Imagine alternative plotlines. - How might your plot be different if ti headed off on another tangent from various points in the story? - You don't have to follow them, but they might suggest other streams that can flow into the main plot.

Think About Structure:

Does you story play out naturally in three acts?

Is there an immediate disturbance to the Lead's world?

Does the first doorway of no return occur before the one-fifth mark?

Are the stakes being raised sufficiently?

Does the second doorway of no return put the Lead on the path to the climax?

Does the rhythm of the sotyr match your intent? If this is an action novel, does the plot move relentlessly forward? If this is a character-driven novel, do the scenes delve deeply enough?

Are there strongly motivated characters?

Have coincidence been established?

Is something happeing immediately at the beginning? Did you establish a person in a setting with a problem, onfronted with change or threat?

Is the timeline logical?

Is the story too predictable in terms of sequence? Should it be rearranged?

About Your Lead Character:

Is the character memorable? Compelling? Enough to carry a reader all the way through the plot?

A lead character has to jump off the page. Does yours?

Does this character avoid cliches? Is he capable of surprising us?

What's unique about the character?

Is the character's objective strong enough?

How does the character grow over the course of the story?

How does the character demonstrate inner strength?

About Your Opposition:

Is your oppositing character interesting?

Is he fully realized, not just a cardboard cutout?

Is he justified (at least in his own mind) in his actions?

Is he believable?

Is he strong as or stronger than the Lead?

About Your Story's Adhesive Nature:

Is the conflcit between the Lead and opposition crucial for both?

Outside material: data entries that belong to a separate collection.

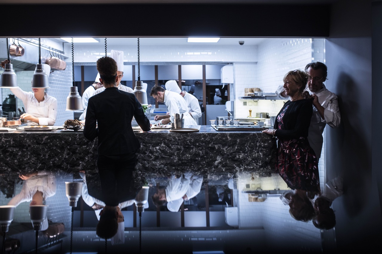Die vom Inneren des Gourmet-Restaurants einsehbare Küche (Crédit photo Matthieu Cellard)
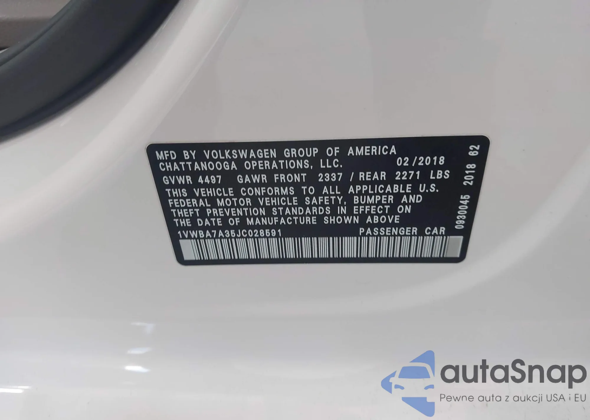 • VIN 1VWBA7A35JC028591
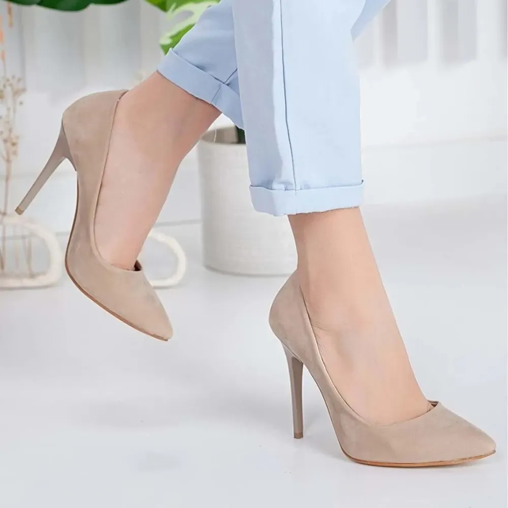 Key Features of Beige Suede Round Toe Stiletto Pumps
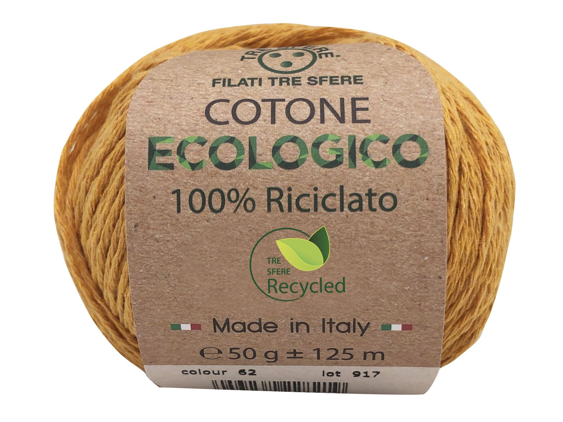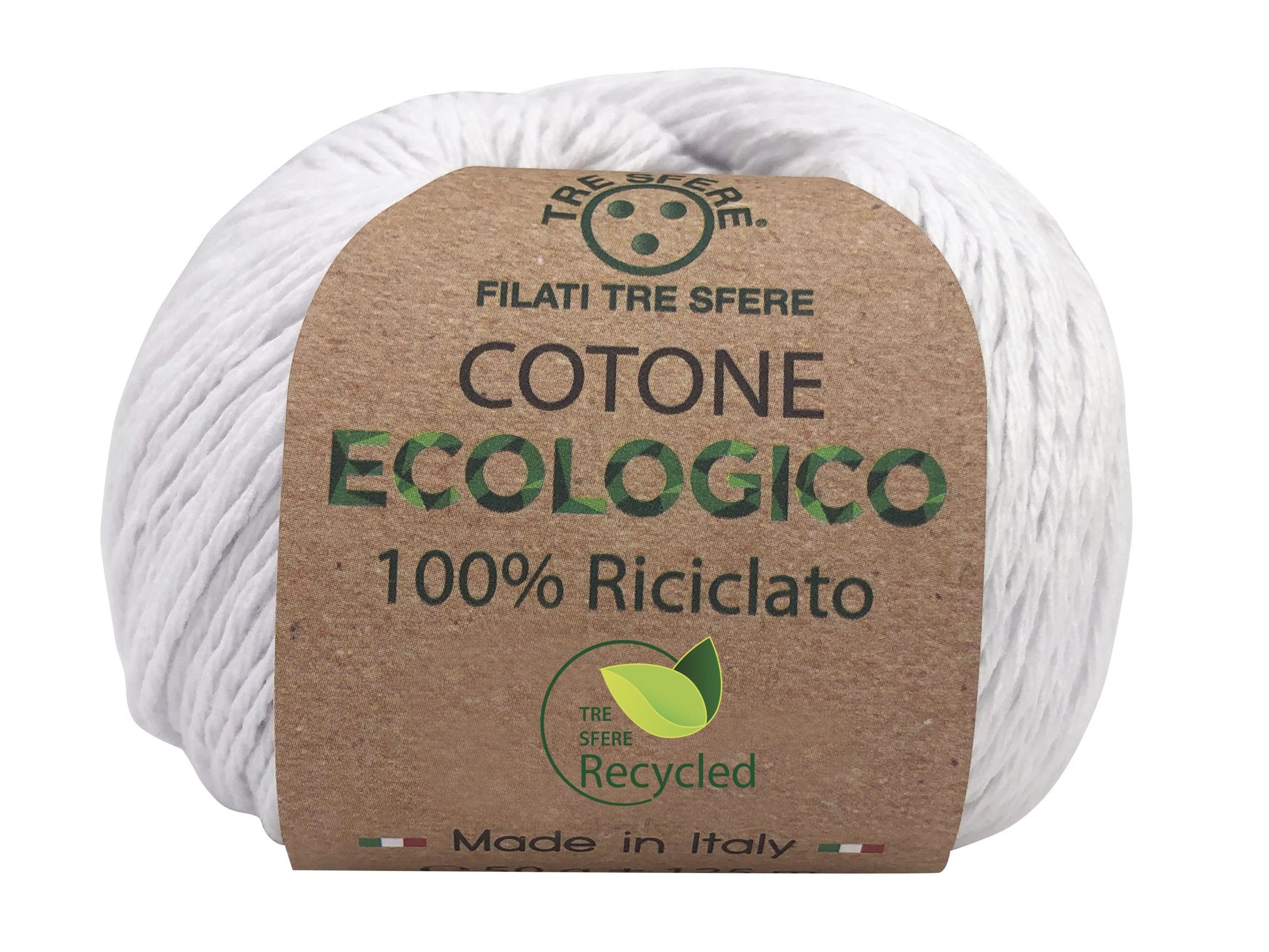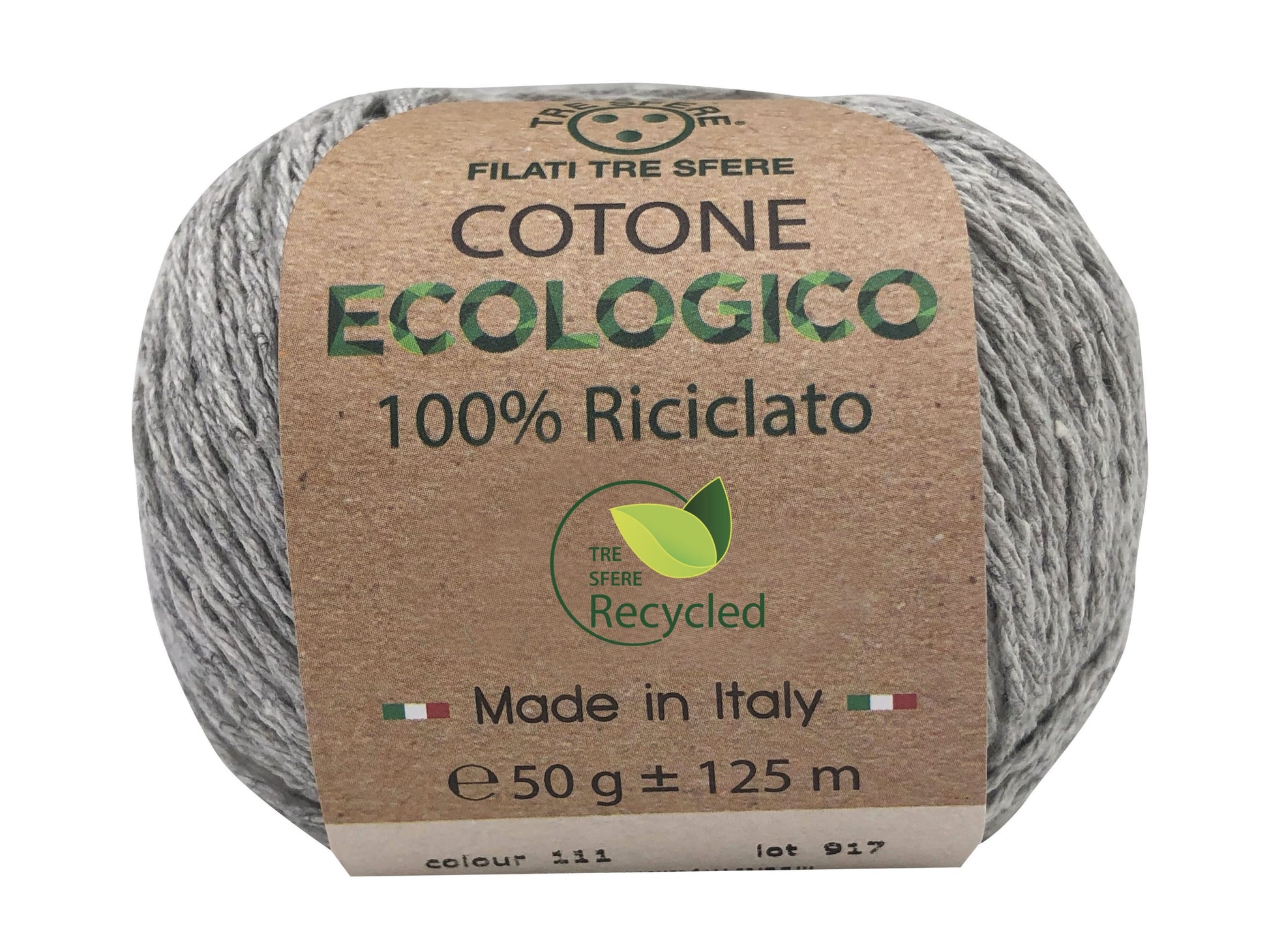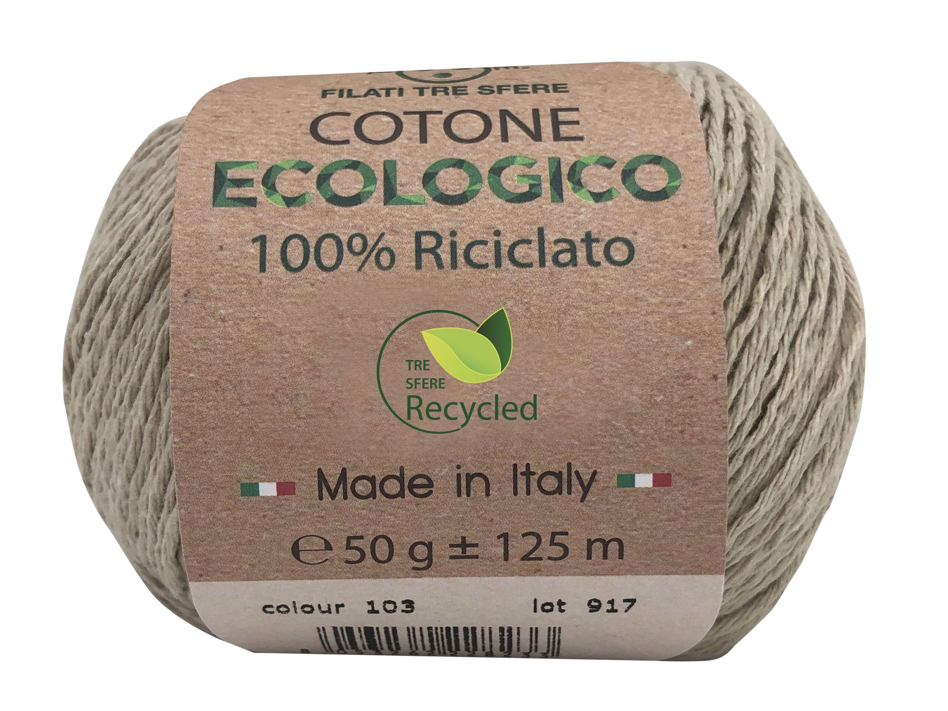 Cotone ecologico 100% riciclato, certificato oeko-tex®, soffice e versatile, gomitolo da 50gr. 125mt. uncinetto 2.5-3.5, 80% cotone 20% poliestere, made in italy, prodotto ritorto tinto e confezionato interamente in italia a biella
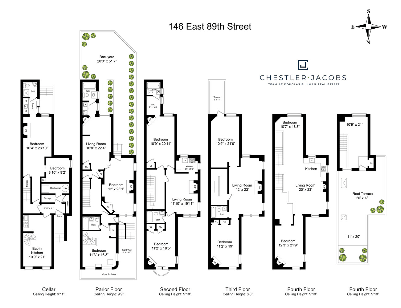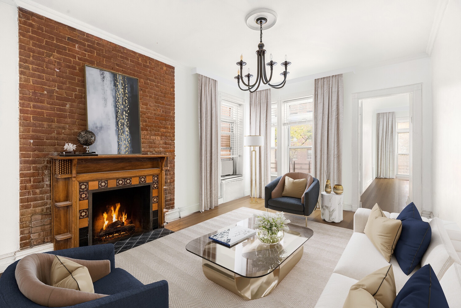 Measuring approximately 20 feet across at its widest point, the home is arranged over four expansive floors plus a full-height basement. Outdoor areas include a sunny south-facing garden, a second-floor balcony, a third-floor terrace, and a roof deck of roughly 380 square feet. Original elements, such as a gracious staircase, fireplaces, and exposed brick remain in place, offering the potential to blend historic character with modern finishes. As an end-unit townhouse, the residence enjoys exceptional natural light from three exposures. A gated front entry and elevated stoop create a striking street presence.

Why can't they just walk away? What holds them together?

About Your Scene:

Are the big scenes big enough? Surprising enough? Can you make them more original, unanticipated, and draw them out for all they are worth?

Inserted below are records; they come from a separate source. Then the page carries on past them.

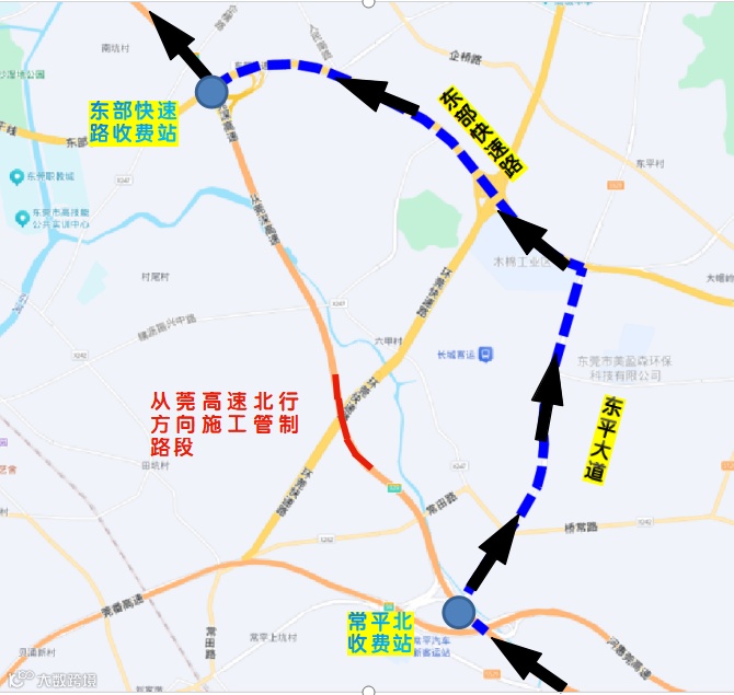 路线为:常平北收费站→东平大道→东部快速→东部快速路收费站→从莞高速
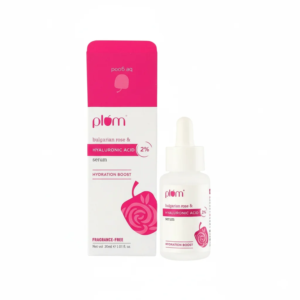 This is a Plum brand serum, specifically formulated with Bulgarian Rose and 2% Hyaluronic Acid. It’s designed to provide a “Hydration Boost” to the skin. The product is fragrance-free, as indicated on the packaging. The bottle contains 30ml (1.01 fl. oz) of serum and comes in a matching pink and white box with a rose illustration.
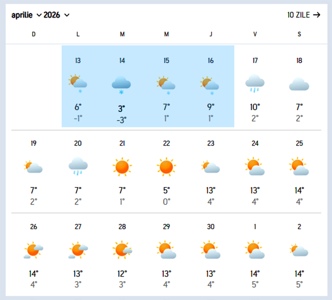 Prognoza după Paște indică patru zile de ninsori, dar și temperaturi mai scăzute față de normalul perioadei din calendar.
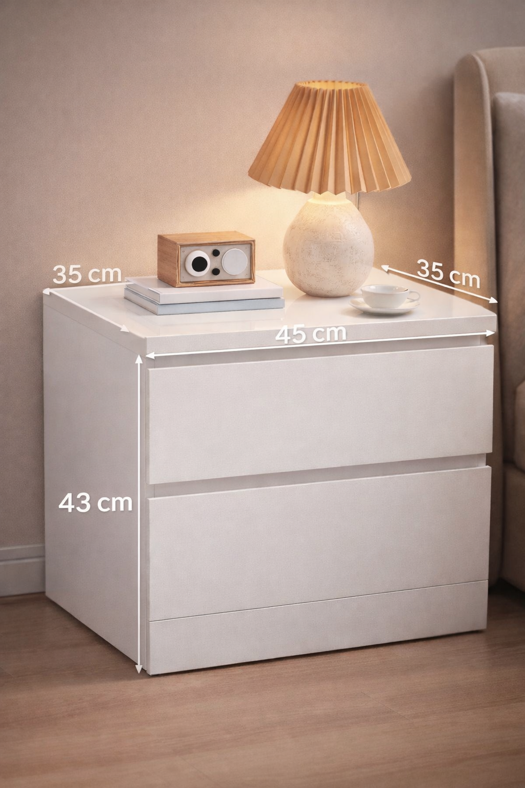 - Ideal como apoyo lateral junto a la cama.
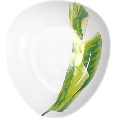 Keramický hluboký talíř se zeleným dekorem listů banánovníku, Ginkgo. Polévkový talíř má oblé tvary a trojuhelníkový tvar. Často říkáme, že žijeme v městské džungli. Pravá...
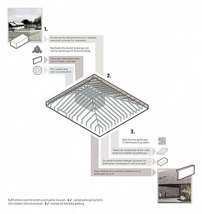 Große Teile des neuen Museumsgebäudes bestehen aus FSC/PEFC-zertifiziertem Holz sowie aus wiederverwendeten Baumaterialien des alten Museumsgebäudes und einer historischen Scheune aus dem Jahr 1864.
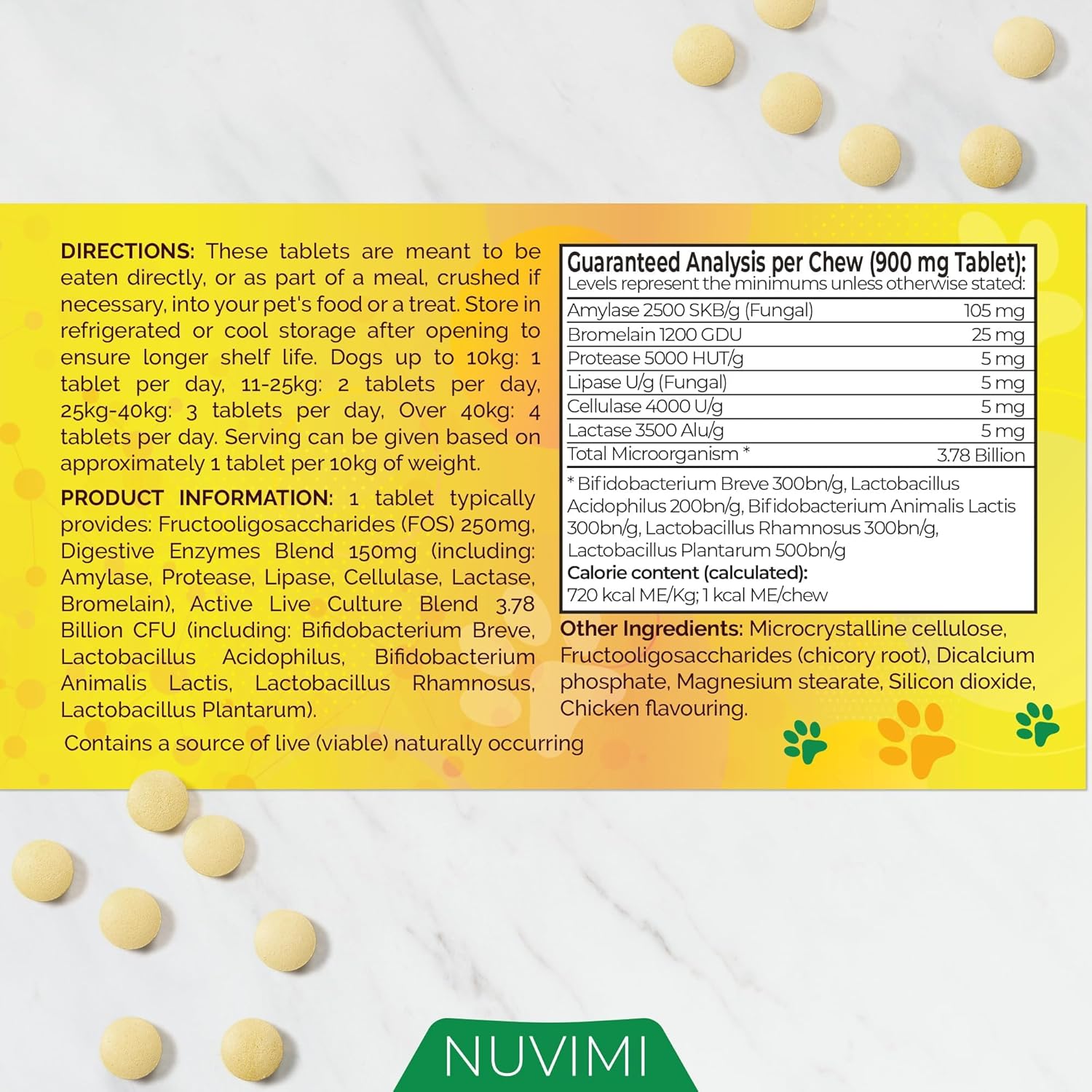 ENHANCE DIGESTIVE HEALTH - These specially formulated dog probiotics are designed to promote optimal digestive health; By maintaining a balanced gut microbiome, they help reduce common digestive issues such as diarrhea, constipation, and upset stomach BOOST WHOLE-BODY WELLNESS - This dog fiber supplement contains 3.78 billion CFUs of probiotics and prebiotics, including lactobacillus & bifidobacterium, which relieves blocked-up bowels, bad breath, and skin issues; Plus, they strengthen your dog's immune system to help prevent itching & allergies ADVANCED INGREDIENTS - With a 5-strain blend of probiotic and prebiotics, containing 6 active enzymes, and more than 10 active ingredients, these pills are non-GMO, dairy-free, egg-free, gluten-free, and soy-free FOR BIG DOGS & YOUNG PUPS - No matter how grown up your pooch is, you love them like they were just born; With everything theyβre exposed to, all pups need the TLC of dog probiotics; Follow the handy dosage guide to meet the specific needs of your big or small dog TRUSTED QUALITY - At NUVIMI, nutritional supplements for dogs are created with high standards and quality service; NUVIMI takes pride in producing premium products for pets and in helping maintain their health inside and out βΊ See more product details

Is there enough conflict in the scenes?

What is the least memorable scene? Cut it!

What else can be cut in order to move the story relentlessly forward?

Does the climactic scene come too fast (through a writer fatigue)? Can you make it more, write it for all it's worth?

Does we need a new minor subplot to build up a saggin midsection?

About Your Minor Characters:

What is their purpose in the plot?

Are they unique and colorful?

Polishing Questions:

Are you hooking the reader from the beginning?

Are suspenseful scenes drawn out for the ultimate tension?

Can any information be delayed? This creates tension in the reader, always a good thing.

Are there enough surprises?

Are character-reaction scenes deep and interesting?

Read chapter ending for read-on prompts

Are there places you can replace describing how a character feels with actions?

Do I use visual, sensory-laden words?

For a Dialogue Read-Through:

Dialogue is almost always strengthened by cutting words within the lines.

In dialogue, be fair to both sides. Don't give one character all the good lines.

Greate dialogue surprises the reader and creates tension. View it like a game, where the players are trying to outfox each other.

Can you get more conflict into dialogue, even emong allies?